Feminismus von Ost: Podiumsgespräch über verlorengegangene Errungenschaften und die Verschiedenheit feministischer Perspektiven in Ost und West.

Podiumsdiskussion
So. 27. Okt. 2019

Darmstadt

19:00 Uhr
zucker - Veranstaltungsraum, Liebfrauenstraße 66

Feminismus von Ost: Podiumsgespräch über verlorengegangene Errungenschaften und die Verschiedenheit feministischer Perspektiven in Ost und West.
27.10.2019 – 19 Uhr  Zucker (Liebfrauenstraße 66, Darmstadt)


„Die Frauen haben kein Vaterland zu verlieren, sondern eine Welt zu gewinnen. Wir sollten gerade jetzt die Chance ergreifen, in einem erneuerten Sozialismus die Vielfalt unserer Lebensformen, unserer individuelle Verschiedenartigkeit, unsere Bedürfnisse und Ansprüche zur Geltung bringen.“
(Auszüge aus dem Manifest für eine autonome Frauenbewegung. “, 03.12.1989, Ost-Berlin. In: Frauen in die Offensive: Texte und Arbeitspapiere. Berlin, 1990)

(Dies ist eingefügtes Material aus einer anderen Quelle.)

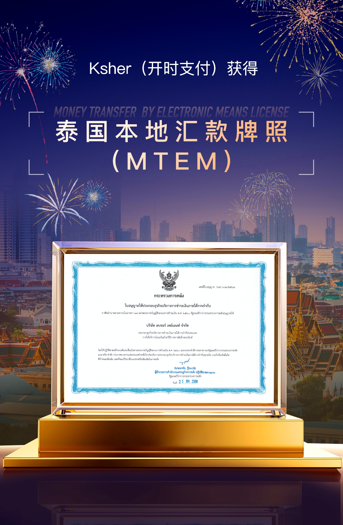 开时支付(Ksher)正式获批泰国财政部颁发的本地汇款牌照(Money Transfer by Electronic Means License(以下简称MTEM)),在东南亚支付服务再增加一枚宝贵牌照,成为极少数东南亚市场牌照覆盖最全的专业支付机构之一。

Der Alltag vieler Frauen in der DDR waren durch ein hohes Maß Unabhängigkeit geprägt. Errungenschaften der feministischen Bewegung, wie eine Frauenerwerbsarbeit bei gleichem Lohn, die Legalität von Schwangerschaftsabbrüchen, ein liberales Scheidungsrecht oder eine Anrecht auf Kinderbetreuung waren – bei gleichzeitig patriarchalen Staatswesen – gelebte Realität.
Mit der Eingliederung der DDR in den westdeutschen Staat im Oktober 1990 ist dieser Emanzipationsvorsprung Ost passé. Die Entwicklungen in der Nachwendezeit stellten das gesamte Werte- und Wirtschaftssystem auf dem Kopf: Massen- und v.a. weibliche Arbeitslosigkeit, eingebrochene Geburtenraten und gesetzliche Rückschritte prägten diese Zeit.
Dabei wurde der gesellschaftliche Aufbruch im Herbst 1989 in der DDR von einer starken unabhängigen Frauenbewegung getragen, die die weitere Emanzipation von Frauen als ein gesamtgesellschaftliches Projekt einer offenen, ökologische, nicht-totalitäre sozialistischen Gesellschaft verstand.
Der feministische Aufbruch 89 und die ostdeutschen Emanzipationsmomente werden in der zeitgenössischen (westdeutschen) Erinnerungskultur weitestgehend ausgeblendet. Zudem prallten nach 1990 die unterschiedlichen Lebensrealitäten und Überzeugungen west- und ostdeutscher Feministinnen aufeinander, wodurch sich ostdeutsche Feministinnen frustriert zurückzogen.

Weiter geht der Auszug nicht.